Apart from being the best looking currency in a world full of ugly competitors there are not many reasons for the Australian dollar to continue trading above $US1.05, leaving open the question as to whether there will be a slow slide, or a sudden fall.
Last week’s news that the country’s trade deficit in November hit a five year high of $2.6 billion was one of several indications that the economy is under pressure as the benefits of the resources boom continue to fade.
This week’s news, scheduled for release on Thursday, should be a rise in the level of unemployment, confirming the economic deterioration, to possibly be followed by a further cut in official interest rates.
From any angle, the outlook for the overall Australian economy is not encouraging with the only ray of hope being early-stage indications that the rest of the world is recovering and with that will come increased demand for commodities.
But, waiting for the economic cycle to turn full circle can be a time-consuming process as it runs a natural course; starting with a return of investors to higher-risk assets such as mining shares, with the capital allocated eventually flowing through into the wider economy.
Recent overseas evidence indicates that investors in Europe and the U.S. are starting to move out of the safety zone of government bonds, gold and relatively strong and high-yielding currencies such as the Australian dollar.
The hunt today is for more conventional assets and conventional currencies.
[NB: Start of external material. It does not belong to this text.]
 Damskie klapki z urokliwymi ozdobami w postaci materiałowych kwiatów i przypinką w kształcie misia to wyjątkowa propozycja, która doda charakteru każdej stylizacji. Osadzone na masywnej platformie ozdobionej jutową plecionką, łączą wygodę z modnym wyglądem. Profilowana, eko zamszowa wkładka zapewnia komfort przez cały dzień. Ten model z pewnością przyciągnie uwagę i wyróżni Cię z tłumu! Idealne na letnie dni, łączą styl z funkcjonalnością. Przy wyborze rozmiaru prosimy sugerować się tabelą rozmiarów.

The euro, for example, this week hit an 11-month high against the U.S. dollar thanks to European investors regaining confidence in their recession-dogged region.
Last week, as Australia’s economy took a turn for the worse, more money was invested in European and U.S. equity funds than at any time in the past five years, another sign of change on the way.
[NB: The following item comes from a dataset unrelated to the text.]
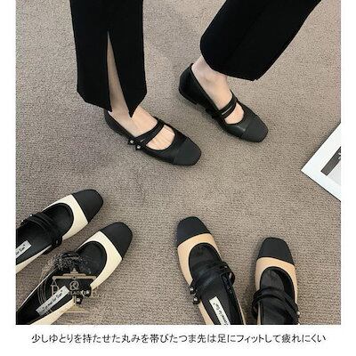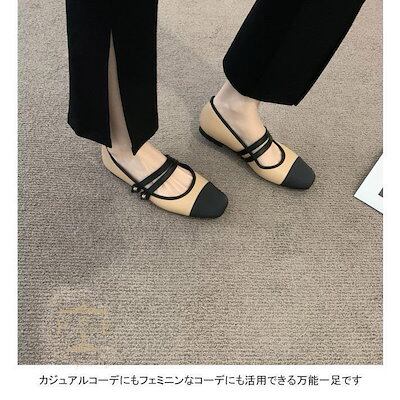 パンプス レディース フラットシューズ ラウンドトゥ ダブルベルト ぺたんこ 滑りにくい 脱げない 走れる シンプル 美脚 通勤 春夏秋

Dubbed the “great capital rotation” it should not be long before international investors ask themselves a question about ongoing exposure to Australia and its currency, both of which performed well in the years after the 2008 financial crisis, but with both looking less attractive compared with alternatives.
Australian exporters can hardly wait for a currency correction as shown in these two examples:
- Casella Wines, maker of the forgettable Yellow Tail family of wines which had been selling well in the U.S. suffered its first loss in more than 20 years because of intense competition in the American market and the effects of the high Australian dollar which boosted the price of what should be a cheap drink.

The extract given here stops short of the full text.